The point is that it _doesn 't need to be_. I would entertain that not
everyone might not want to use Unicode: in that case, the FS should _still_
have a well-defined encoding, such that I can still arrive at a string to
display to the user. The point is not that "Unicode is best" but that storing
file names as "bags of bytes" is incredibly user unfriendly, and there needs
to be a straightforward, no bullshit method to display and transmit the names
of files.

But I would also argue that Unicode is the best we've got presently, and it
would be pragmatic for a filesystem to simply adopt it outright.

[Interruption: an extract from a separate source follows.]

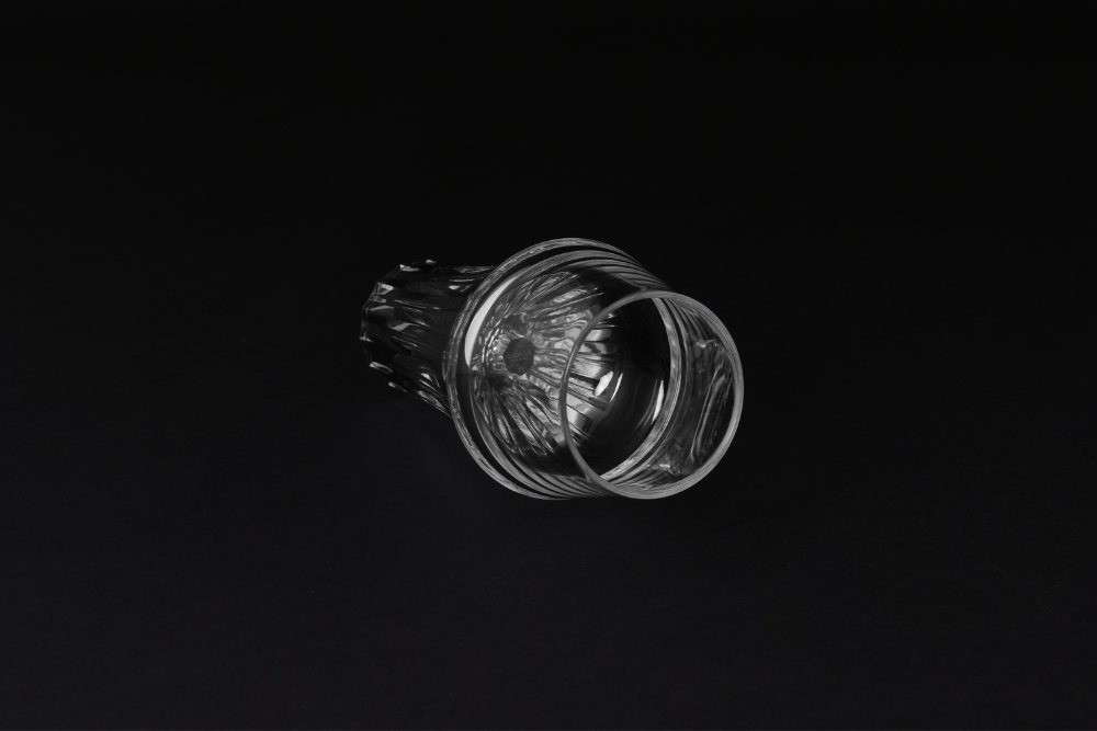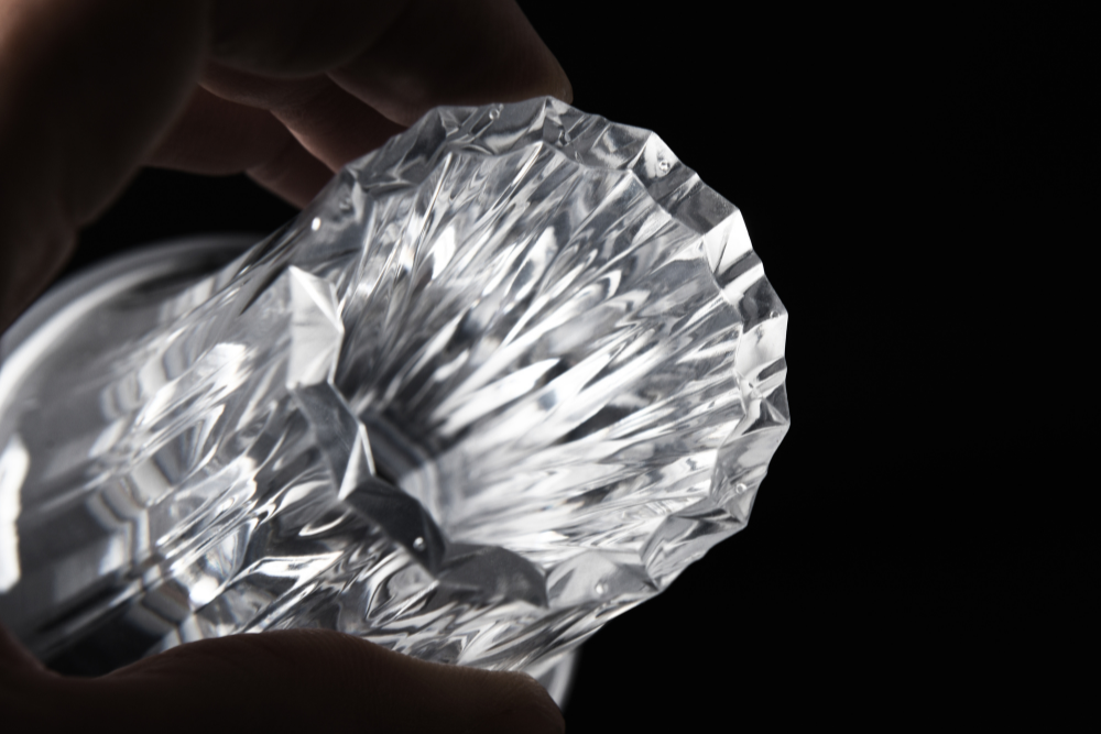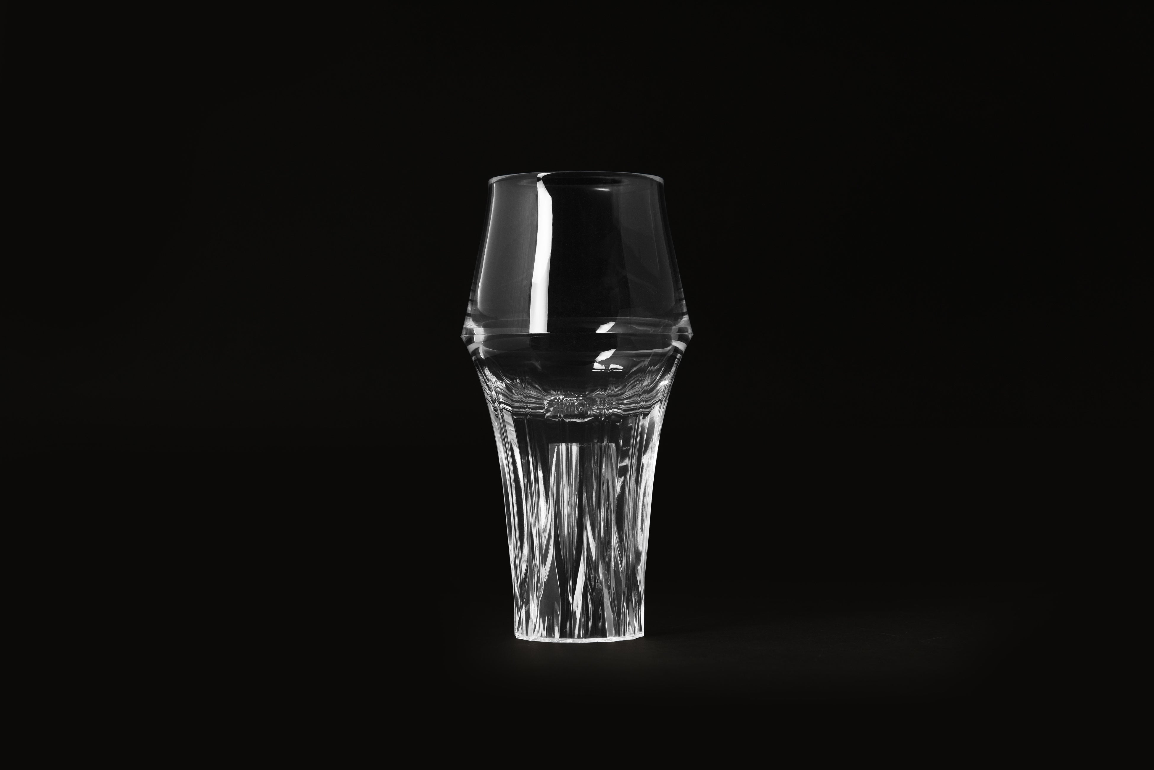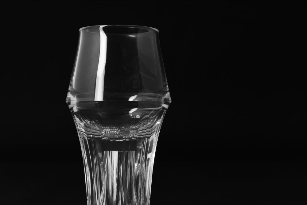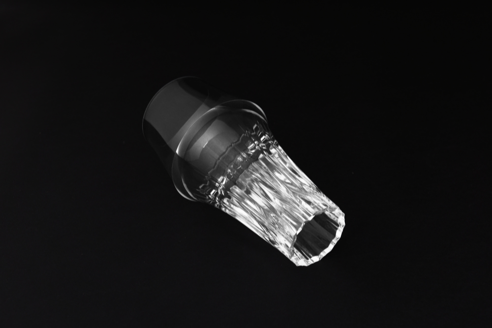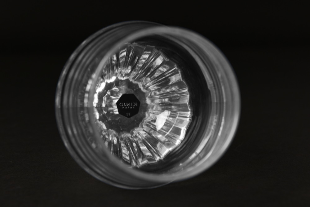 KINJO JAPAN F2のポイントは、脚付きグラスの代名詞ともいえるステム部分を大胆にアレンジした点にある。希少なシリコーンゴムを存分に使い、手で包み込みたくなる絶妙なフィット感と、切子をイメージしたシャープなカッティングデザインを実現した。また、底面の空洞部分にも同デザインを施すことで、万華鏡のような輝きをお楽しみいただける。そしてカップ部分は、香りのある飲み物をお楽しみいただけるようボウルの丸みを強調。味わいの決め手となるリム部分は、厚みと質感にこだわり、滑らかな口当たりを実現させた。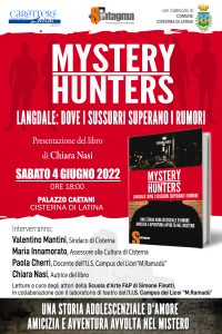 CISTERNA - Sarà l’adolescenza raccontata da un’adolescente ad aprire le presentazioni letterarie del mese di giugno a Cisterna di Latina. Domani, sabato 4 giugno, alle 18, si terrà la presentazione di “Mystery Hunters. Langdale: dove i sussurri superano i rumori”, la storia adolescenziale d’amore, amicizia e avventura avvolta nel mistero, scritta dalla 17enne Chiara Nasi di Cisterna. A dar vita ad alcuni personaggi ed estratti del libro, saranno gli studenti dell’Istituto Ramadù frequentanti il laboratorio di teatro e gli attori della Scuola d’Arte FAP di Simone Finotti.

It's
_overwhelmingly_ the dominant character set in use today, especially if you
ignore deprecated junk that Unicode is a strict superset of.

------
loeg
> Currently, the Mac Extended file system, HFS+, uses Normalisation Form D
> (NFD). Under that, é and é are automagically converted to é, and
> represented as three bytes, 65 cc 81.

This is actually an oversimplification. Mac NFD does not decompose characters
in a few specific ranges[0]:

> U+2000 through U+2FFF, U+F900 through U+FAFF, and U+2F800 through U+2FAFF
> are not decomposed

But I do expect applications built for HFS+' pseudo-NFD to struggle with non-
normalizing APFS.

[0]:
[https://developer.apple.com/library/content/qa/qa1173/_index...](https://developer.apple.com/library/content/qa/qa1173/_index.html)

------
foota
Would be interesting to know why Apple made the decision not to normalize on a
file system level then. Just an argument based on separation of concerns?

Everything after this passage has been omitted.